Private Fuel Storage is financially qualified to run a storage site for spent nuclear fuel in Utah's west desert, a federal board ruled Tuesday.
The Atomic Safety and Licensing Board, however, already has ruled the site is too risky because of the possibility of fighter-plane crashes — a finding that could be enough to kill the project.
A final decision has yet to be made by the board's Nuclear Regulatory Commission.
"I feel good about the progress we're making, but we fight on," Utah Gov. Mike Leavitt said. "There will not be a single stone unturned in our effort to make certain it doesn't come here."
Private Fuel Storage is a consortium of eight nuclear-powered utilities led by Minnesota's Xcel Energy that are running out of on-site storage for spent fuel rods. The consortium made a 1997 deal with the Skull Valley Band of Goshutes to park wastes on the reservation 45 miles southwest of Salt Lake City.
It plans to appeal the board's risk finding by arguing that little radioactivity would be released if a fighter plane crashed into a cask of solid nuclear waste.
If that doesn't work, it plans to apply for a license for 336 steel-and-concrete casks of waste instead of the 4,000 it originally proposed, saying that would reduce the risk of a fighter jet crash.
It will take its case Thursday to a meeting of the licensing board in Rockville, Md.
The U.S. Air Force uses Skull Valley as a flyway to a training and bombing range, but Goshute tribal chairman Leon Bear argues the risk of a jet crash on a 100-acre storage site is infinitesimally small.

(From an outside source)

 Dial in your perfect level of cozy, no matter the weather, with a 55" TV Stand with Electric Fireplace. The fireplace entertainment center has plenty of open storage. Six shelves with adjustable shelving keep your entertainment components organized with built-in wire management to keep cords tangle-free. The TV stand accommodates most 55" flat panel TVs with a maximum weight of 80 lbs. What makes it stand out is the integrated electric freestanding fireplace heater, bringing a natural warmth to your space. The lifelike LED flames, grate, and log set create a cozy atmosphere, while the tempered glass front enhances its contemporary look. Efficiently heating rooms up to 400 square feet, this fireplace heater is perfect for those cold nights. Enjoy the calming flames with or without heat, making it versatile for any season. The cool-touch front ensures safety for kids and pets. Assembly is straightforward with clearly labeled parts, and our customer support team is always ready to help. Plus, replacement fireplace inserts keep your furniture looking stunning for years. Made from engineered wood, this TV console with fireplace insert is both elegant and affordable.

He turned the argument by saying the Air Force could pick a more direct flyway to its bombing range and avoid the reservation.

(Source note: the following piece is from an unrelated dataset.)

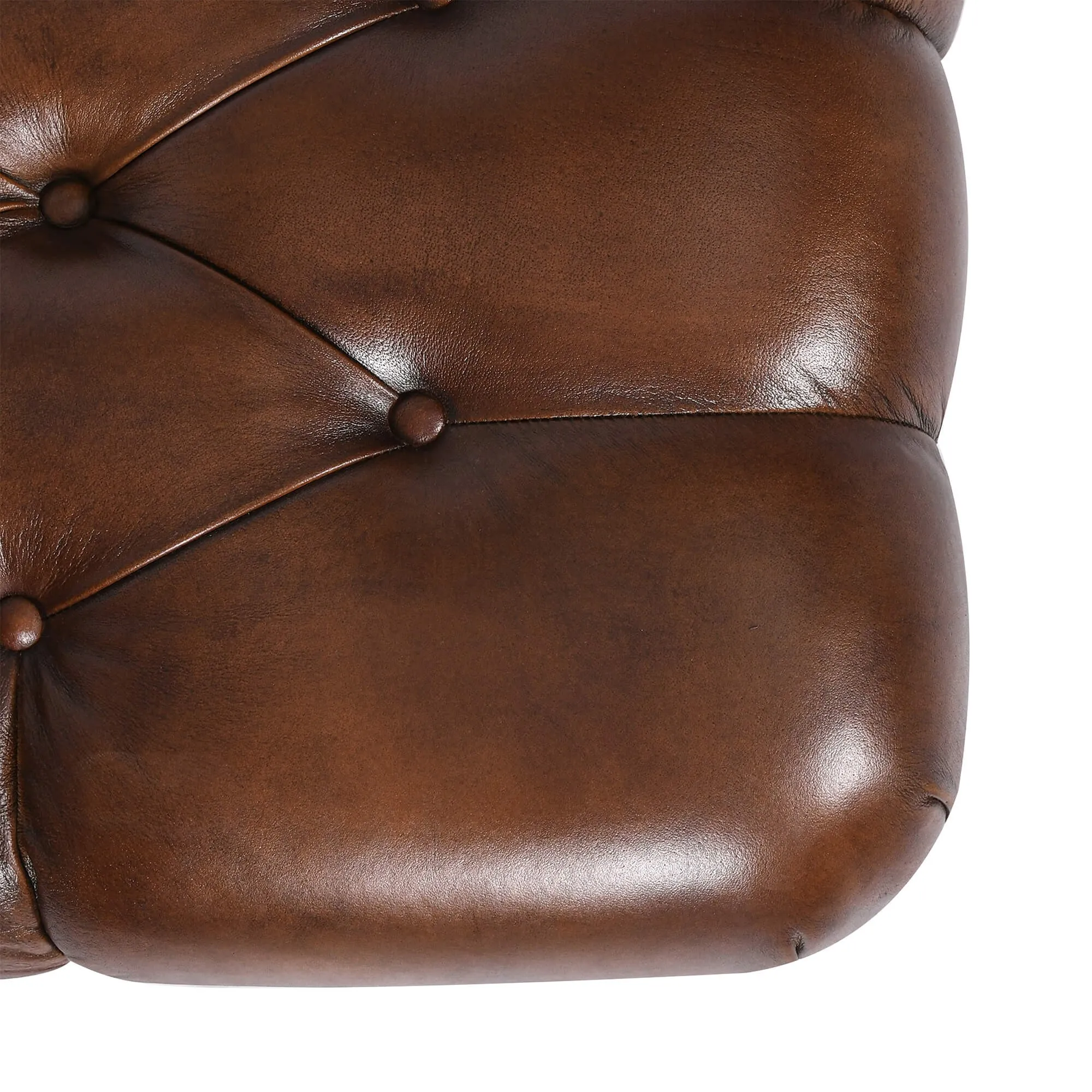 Sein vollnarbiges Büffelleder offenbart ein geschmeidiges und warmes Material, dessen natürliche Nuancen subtile Lichtspiele entstehen lassen. Besondere Aufmerksamkeit haben wir seiner Haptik gewidmet, bewusst weich und beinahe umhüllend, damit er ganz selbstverständlich zur Entspannung einlädt. Die Kapitonierung dieses Chesterfield-Poufs aus echtem Leder, sorgfältig ausgeführt, strukturiert die Oberfläche in großzügige Volumen, akzentuiert durch Knöpfe, die dem Ganzen einen eleganten Rhythmus verleihen.

"If these overflights are so dangerous, what about our people?" he said. The Air Force "is using our reservation as a driveway."
The licensing board issued a May 22 ruling saying the storage facility could safely withstand an earthquake — another Pyrrhic victory that left PFS no closer to getting a license.
In addition to the rulings on plane crash and earthquake risks and financial qualifications, the licensing board will deliver a ruling on the environmental risks of a proposed rail spur that would deliver the nuclear waste.
Leavitt, a steadfast opponent of the project, said he hoped that "finally, reasoning is prevailing. There is a place to put this: It's at Yucca Mountain. Congress has made that decision."
PFS was organized by Minnesota's Xcel Energy, which says it's almost out of on-site storage for spent fuel and needs a temporary dump while Nevada's Yucca Mountain is developed.
But Leavitt said Minnesota legislators are on the verge of authorizing more nuclear-waste storage in that state.
Leavitt dismissed PFS' project downsizing as "very clearly a ploy" because "they cannot make it work economically at that level."
The licensing board said it wasn't making public its ruling on the consortium's finances until the group's business partners can submit a redacted version without proprietary information.